**Data supplied**
++++++

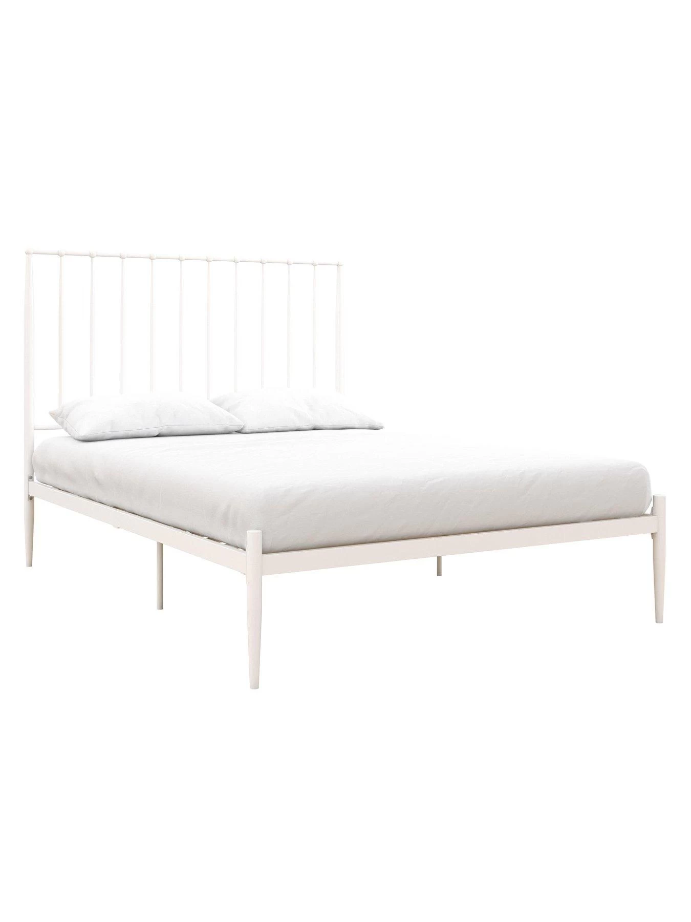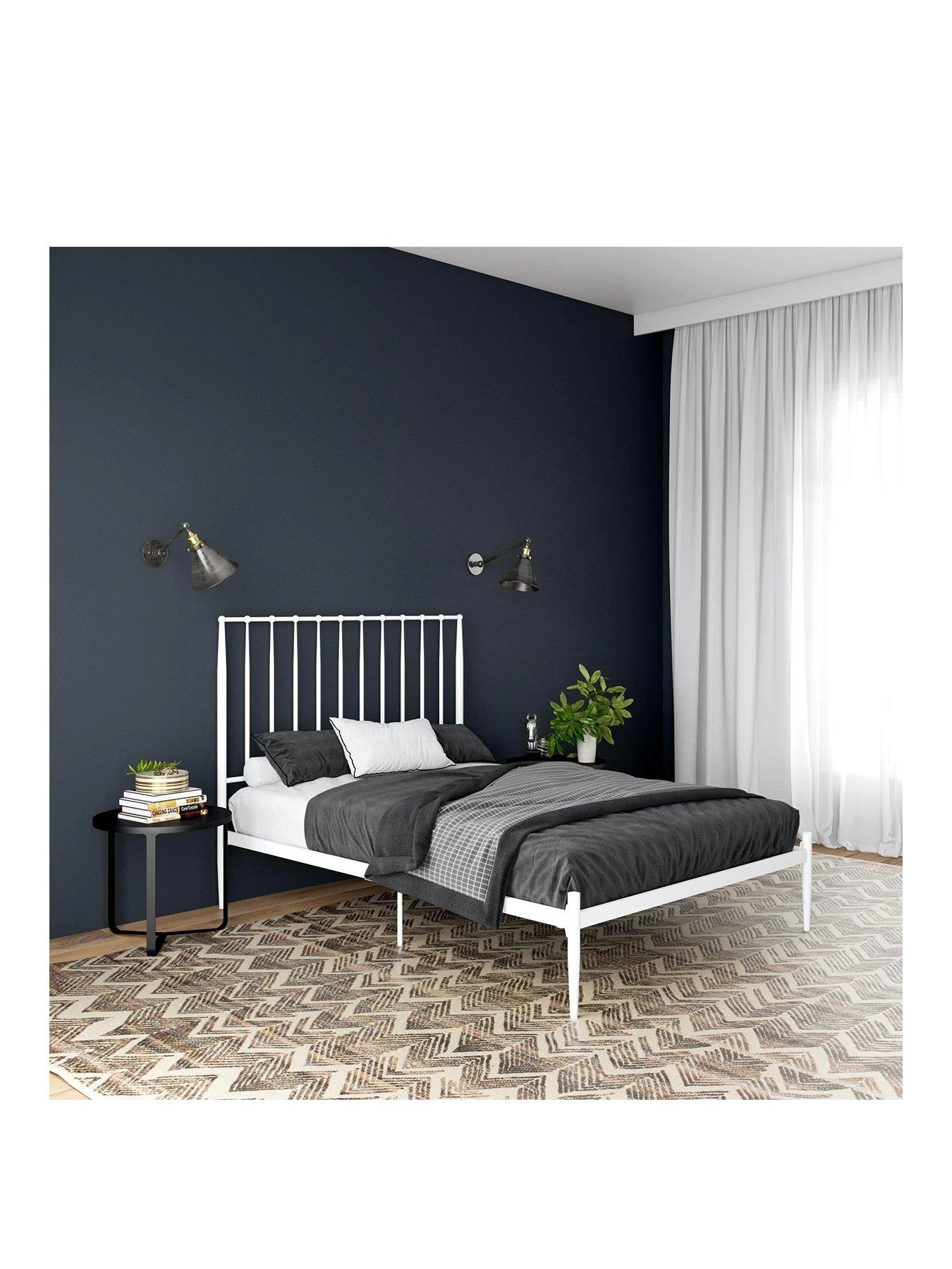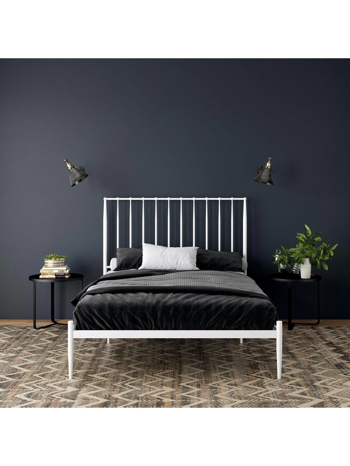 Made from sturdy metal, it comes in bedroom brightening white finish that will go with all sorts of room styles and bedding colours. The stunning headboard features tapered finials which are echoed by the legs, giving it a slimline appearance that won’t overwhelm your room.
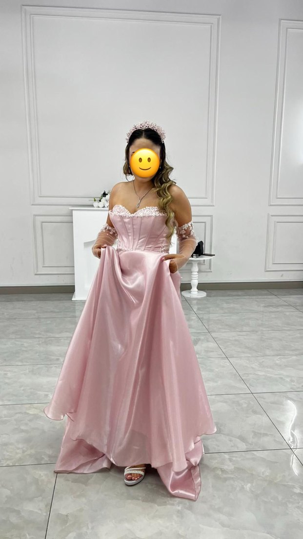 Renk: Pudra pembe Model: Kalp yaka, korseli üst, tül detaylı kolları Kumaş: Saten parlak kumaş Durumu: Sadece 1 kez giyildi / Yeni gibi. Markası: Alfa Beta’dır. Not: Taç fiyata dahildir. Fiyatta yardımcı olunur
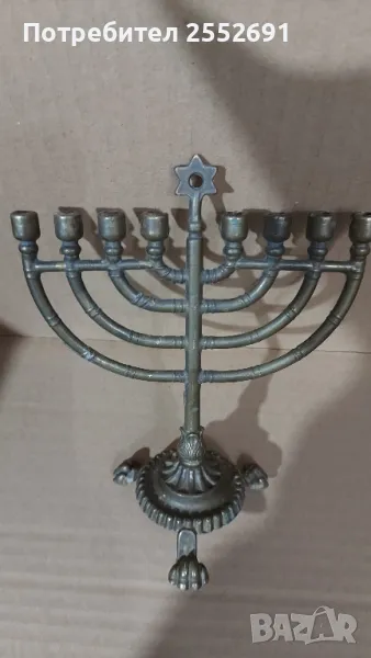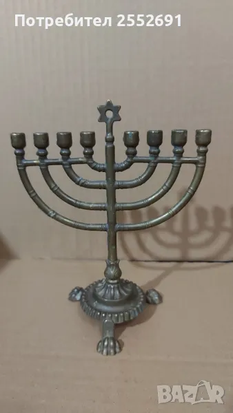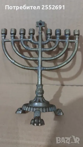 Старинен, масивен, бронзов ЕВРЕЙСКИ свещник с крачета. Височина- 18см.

++++++

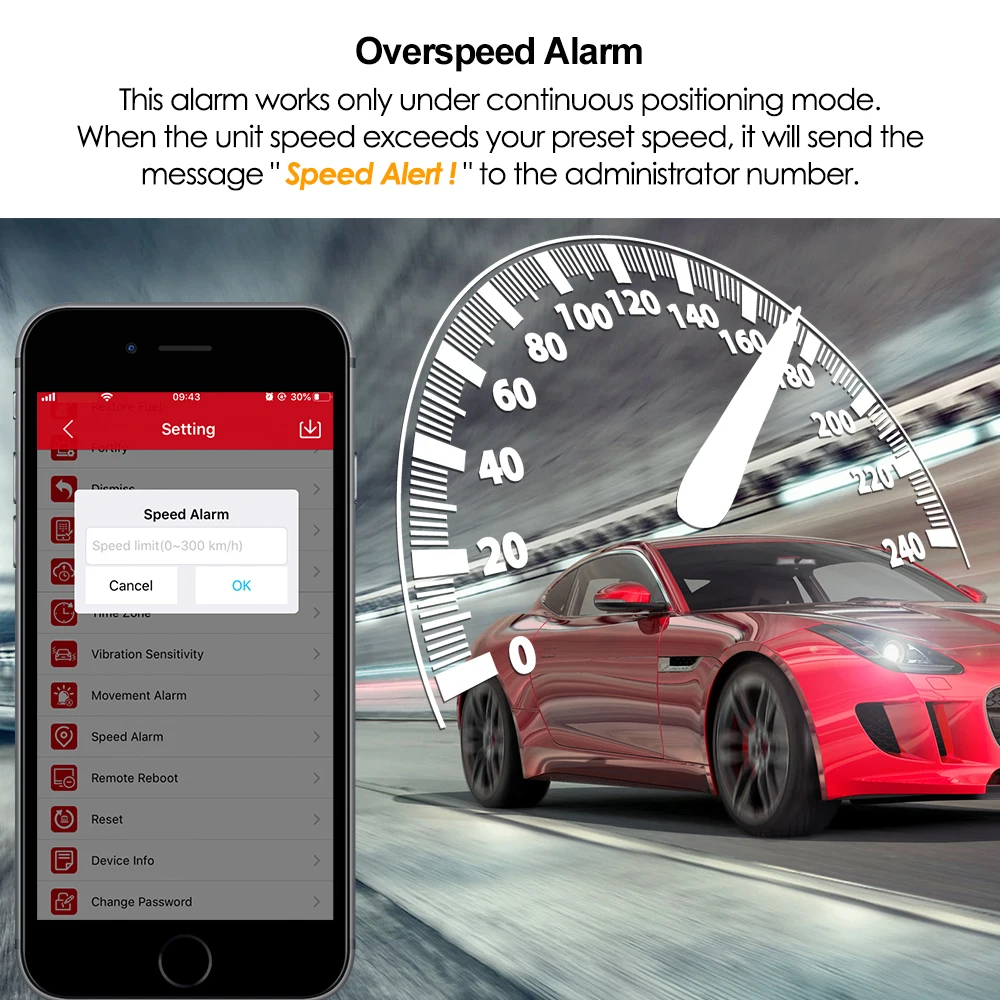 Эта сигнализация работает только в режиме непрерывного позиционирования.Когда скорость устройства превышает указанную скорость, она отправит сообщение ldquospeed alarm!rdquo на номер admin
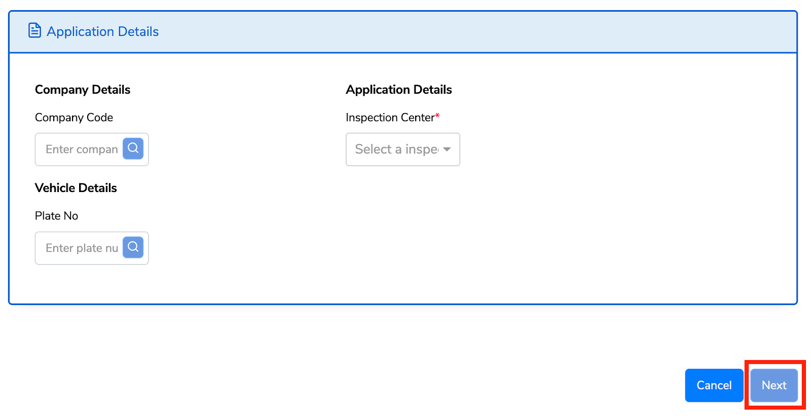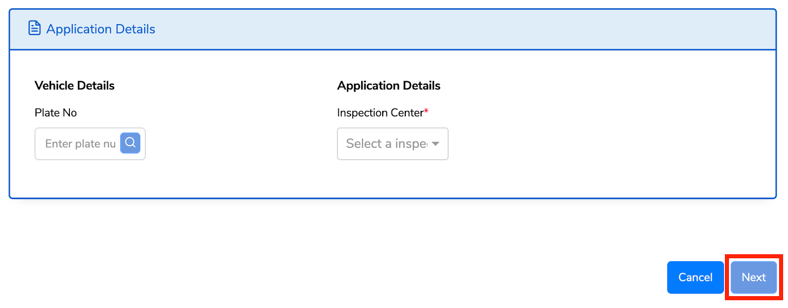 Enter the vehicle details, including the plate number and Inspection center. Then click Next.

++++++

**Your task**
Out of the records above, return only the lines from the one with "Made from sturdy" through the one with "Старинен, масивен, бронзов", exactly, and none of the pictures.

**Task answer**
 Made from sturdy metal, it comes in bedroom brightening white finish that will go with all sorts of room styles and bedding colours. The stunning headboard features tapered finials which are echoed by the legs, giving it a slimline appearance that won’t overwhelm your room.
 Renk: Pudra pembe Model: Kalp yaka, korseli üst, tül detaylı kolları Kumaş: Saten parlak kumaş Durumu: Sadece 1 kez giyildi / Yeni gibi. Markası: Alfa Beta’dır. Not: Taç fiyata dahildir. Fiyatta yardımcı olunur
 Старинен, масивен, бронзов ЕВРЕЙСКИ свещник с крачета. Височина- 18см.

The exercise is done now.